Ensuring the quality of scientific information used to manage Australia’s fisheries and marine ecosystems is important in earning the trust of stakeholders and the community in the decision-making process.
These guidelines are intended to apply to all stages of the research process, including research planning processes and the appropriateness of the proposed methodology, to ensure the reliability and objectivity of resulting scientific information.
Research and Science Information Guidelines for Australian Fisheries outlines what constitutes best-practice, high-quality and reliable scientific information.
The quality of research and scientific information relates primarily to relevance, reliability, objectivity and integrity, and the internationally accepted mechanism for evaluating this is peer review.

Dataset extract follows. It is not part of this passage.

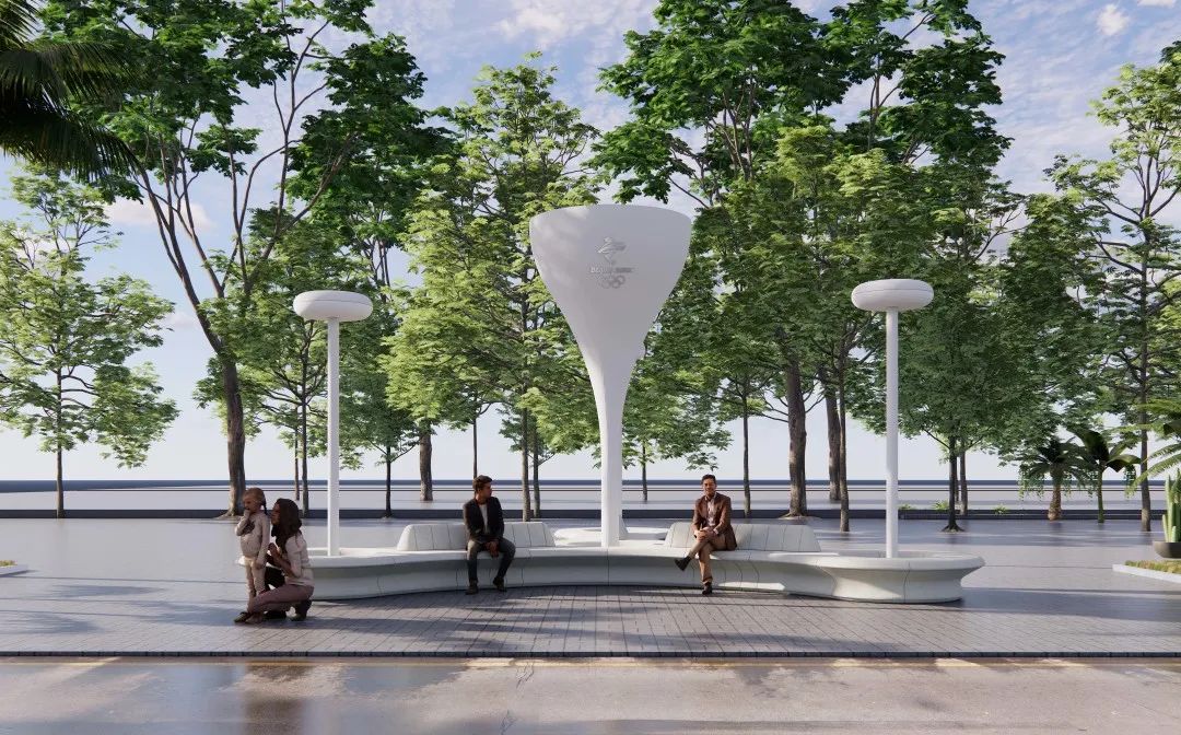 “冬奥庆功广场户外公共设施”造型设计简洁,优雅的比例关系减弱了大型户外设施笨重粗糙的视觉感受,具有令人印象深刻的美学构造。在制造过程中,以创新的方式嵌入座椅自动加热装置以及灯光自动感应系统,利用太阳能供电,完成绿色环保的电力循环,为人们在寒冷季节和夜晚带来舒适体验。

The Australian guidelines are built around these ‘PRIOR’ principles:
Peer review - the work has been evaluated by one or more experts in the appropriate field.
Reliability- the information is accurate and reproducible.
Integrity – the information is protected from inappropriate alteration, selective interpretation or presentation, including with regard to uncertainty in that information. Scientific information should remain complete throughout the science-to-decision process.
Objectivity – the information presented is impartial and free of personal bias.
Relevance - research and scientific information must be relevant to the fisheries management objectives and associated key questions for the fishery concerned, contributing directly to answering those questions and addressing management objectives for that fishery.
Meeting the requirements of these guidelines will primarily be the responsibility of those who “buy research” (research purchasers) and those who “supply the research” (research providers). These two roles may rest within the single organisation (buying and doing by different areas), or under separate organisations.